In the insurance industry, one area of renewed data management focus should be how to better understand broker performance. The industry has a pretty firm grasp of how much business revenue it receives from a broker, but to better understand the true value of the relationship and the broker’s performance, more data is needed.

The insurer needs to know not only what was sold and the sort of claims that came through, but also the types of people being insured.

Like retail’s desire to capture a 360-degree view of its customers, the insurance industry, through better data management, has the opportunity to get a better view of its customer — the broker. The necessary information is already being collected by existing systems; what needs to change is the insurer perspective on data management to allow for collecting information in a way that specifically addresses how to better understand broker performance and value.

Analytics Management

Analytics goes beyond building a model designed to pull new information from data. Predictive models help companies manage risk, something found at the core of an insurance company’s success.

An analytics model can certainly be developed to solve a specific business problem, but this approach may not be ideal. Far better is to create competing models, employing different techniques, to tackle complex problems and business issues.

The ability to create competing models is increasingly important as insurers look to broaden their offerings, delving into more complicated insurance scenarios. Were one to examine the complexity of insuring a pipeline or an oil tanker, one would see a dramatic increase in the number of variables now being taken into account to properly ascertain risk. The more data that is available in a model, the greater the likelihood of improved accuracy.

But as the number of data sources grow and problems become more complex, companies may feel pressured to take shortcuts. Analyzing all the data takes too long; analyzing a slice of the data (especially in risk assessment scenarios) can become a dangerous business proposition.

One solution is to take the data, distribute it among many computers and have all the processes run in memory. The results are staggering — processes that may have taken hours or days now take seconds or minutes.

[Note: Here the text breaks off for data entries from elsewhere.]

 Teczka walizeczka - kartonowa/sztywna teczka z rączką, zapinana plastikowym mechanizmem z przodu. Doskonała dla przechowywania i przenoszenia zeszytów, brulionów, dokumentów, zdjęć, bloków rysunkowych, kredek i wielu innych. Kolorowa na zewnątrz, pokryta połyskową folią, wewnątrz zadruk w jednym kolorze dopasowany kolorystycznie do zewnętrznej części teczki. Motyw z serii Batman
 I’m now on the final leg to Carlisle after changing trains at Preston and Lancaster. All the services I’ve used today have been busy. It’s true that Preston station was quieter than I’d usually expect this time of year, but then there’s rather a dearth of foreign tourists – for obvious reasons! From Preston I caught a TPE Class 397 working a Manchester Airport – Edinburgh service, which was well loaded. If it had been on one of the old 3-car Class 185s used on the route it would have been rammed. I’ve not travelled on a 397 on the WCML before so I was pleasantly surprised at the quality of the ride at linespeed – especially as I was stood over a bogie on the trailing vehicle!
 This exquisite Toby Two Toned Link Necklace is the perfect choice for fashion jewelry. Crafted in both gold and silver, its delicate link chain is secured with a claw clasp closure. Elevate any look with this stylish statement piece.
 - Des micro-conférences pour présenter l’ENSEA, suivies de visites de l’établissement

That said, a successful company needs to create an environment to manage these models — call it the analytics model factory — which are then embedded in business processes and monitored. When this occurs, it is easier to document models and collaborate across the many facets of a company.

By feeding the models back into the decision-making process, they can be continuously evaluated with regard to whether or not they are adding business value. 

Decision Management

At the end of the day, data only has value when it can be used to drive strategic and accurate business decisions. Decision management is about taking information or analysis and embedding it into everyday business processes.

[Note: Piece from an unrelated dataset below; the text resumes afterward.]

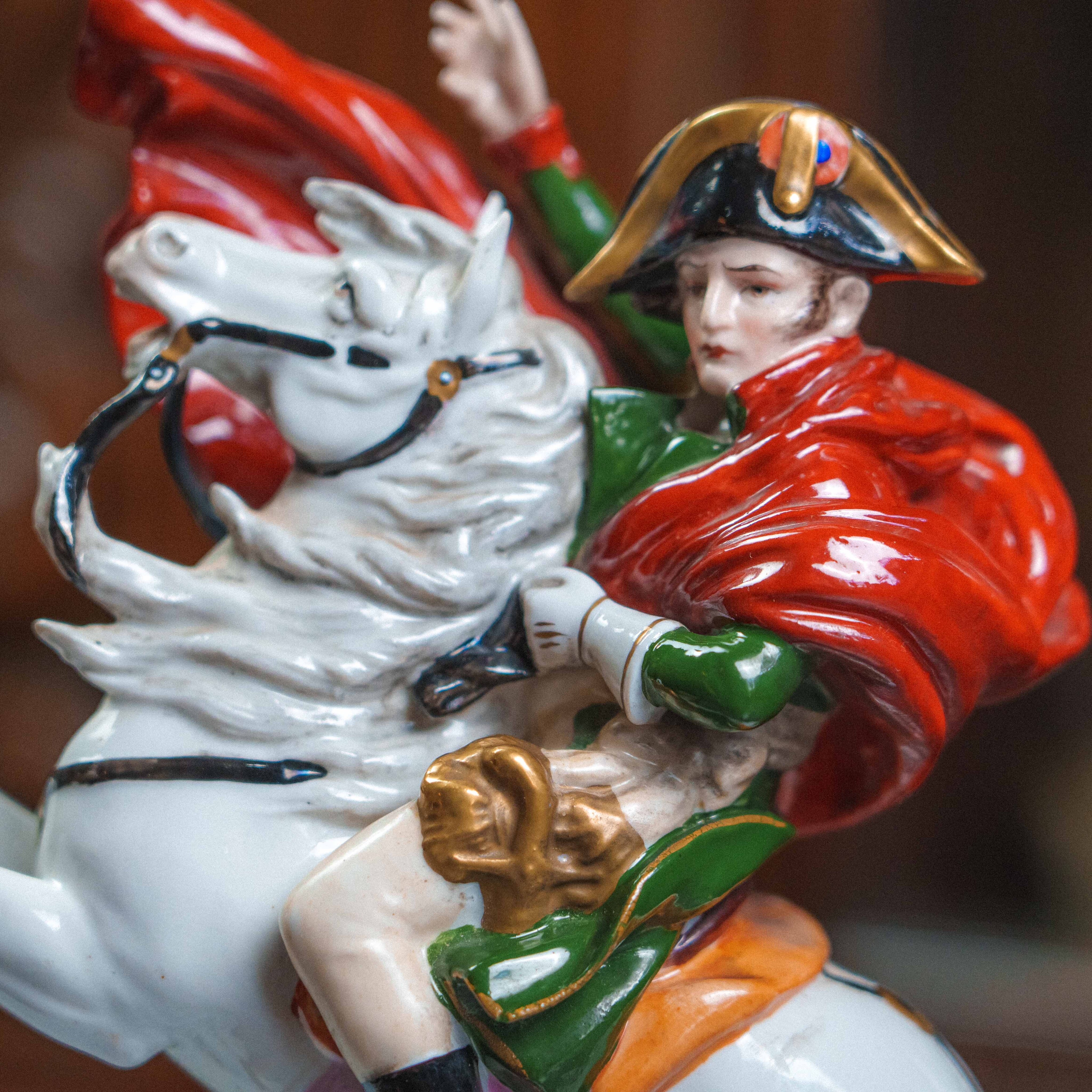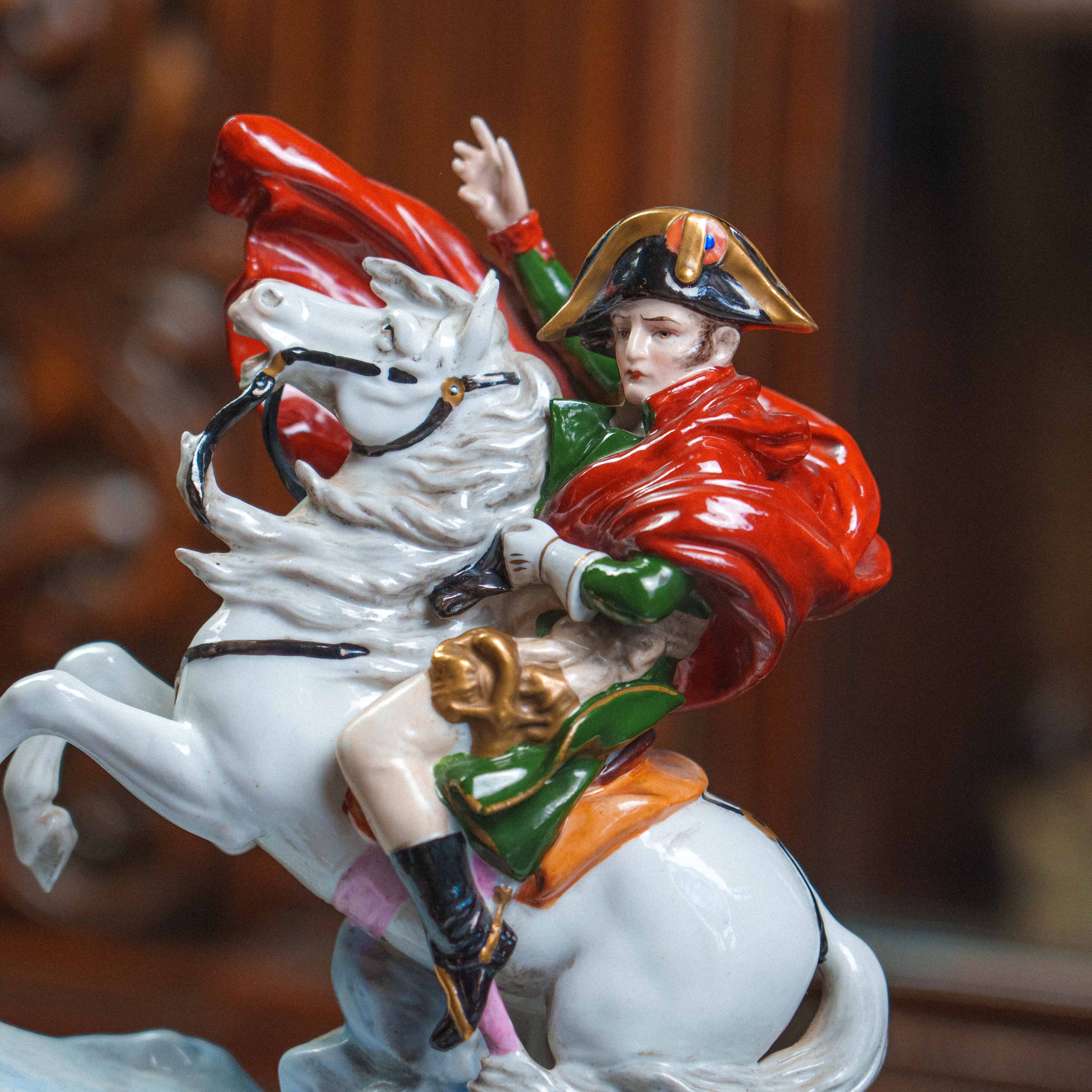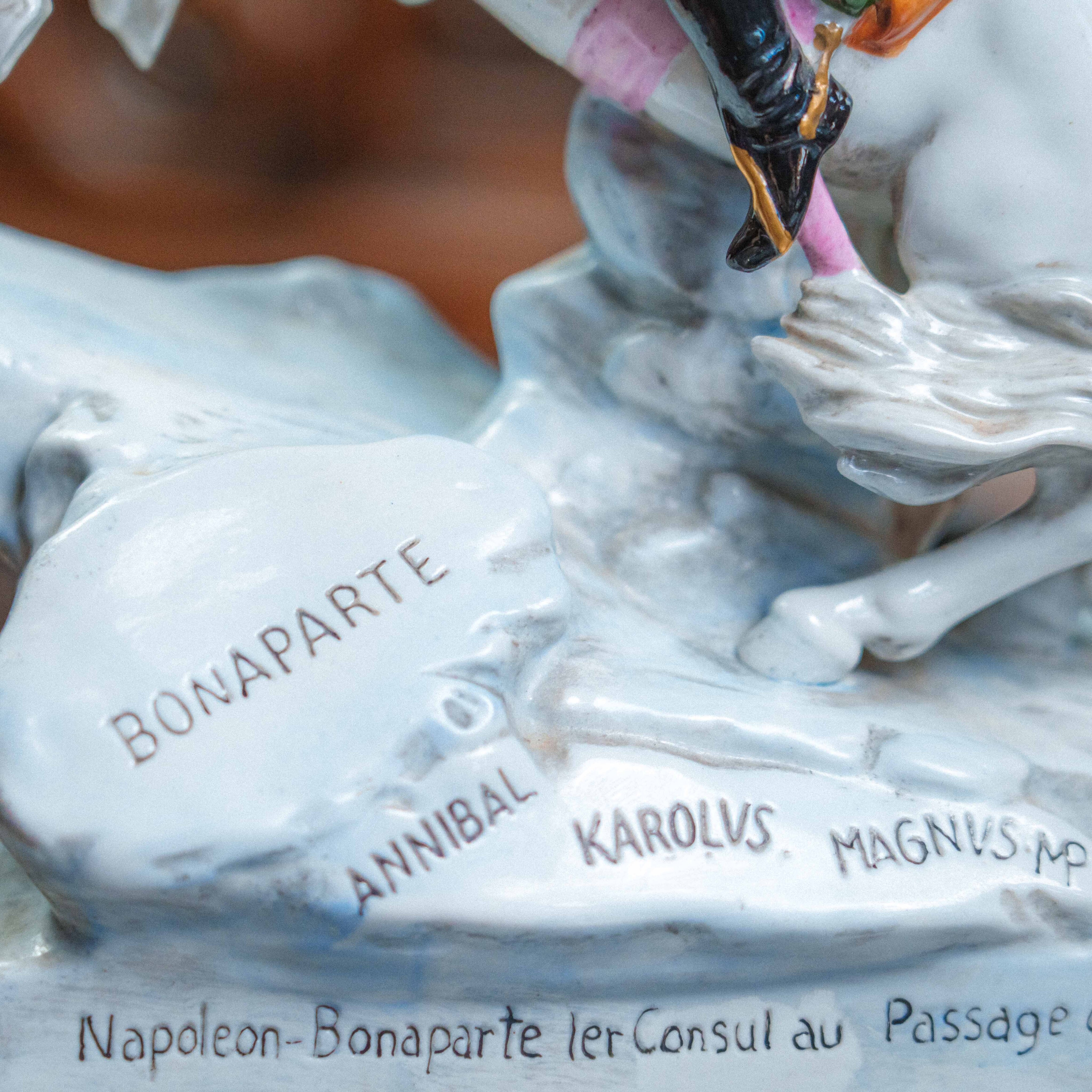 Статуэтка выполнена по мотивам знаменитой картины «Наполеон на перевале Сен-Бернар» Жака-Луи Давида. Композиция изображает Наполеона Бонапарта верхом на вздыбленном коне в момент символического перехода через Альпы — эпизода, ставшего одним из самых узнаваемых образов, связанных с наполеоновской эпохой. Император представлен в характерном облике: в двуугольной шляпе, с развевающимся красным плащом и властным жестом, указывающим направление движения. Динамика позы, напряжение фигуры коня и тщательно проработанный горный рельеф создают ощущение драматизма и торжественного пафоса. На основании размещены надписи с именами великих полководцев прошлого — BONAPARTE, ANNIBAL, KAROLVS MAGNVS, подчёркивающие преемственность военной славы и исторического величия.

In the insurance industry, this coul d be adjusting actuarial tables to take into account any combination and permutation of variables (and doing so quickly enough to produce valuable results) or assessing the possibility of a claim being fraudulent based on the most up-to-date social data available.

Much of the industry’s focus is on policies and claims — the pillars of the industry — but there is a smaller and important aspect of the industry that occasionally gets overlooked in the decision management process: risk management as it pertains to investment.

For many decades insurers relied on returns in investment in the 5% to 8% range. For the foreseeable future, it looks like rates of return on investment will remain low.

In addition, with a number of social and fiscal problems continuing around the world, investment itself will likely remain risky. As such, it is important for insurers to reduce investment risk as much as possible by employing better data management. This, in turn, promises to lead to better decision management.

It appears that companies are increasingly realizing that to avoid data tsunamis and gain value from the almost endless sources of available data, they may need re-evaluate how they manage and drive value from their data.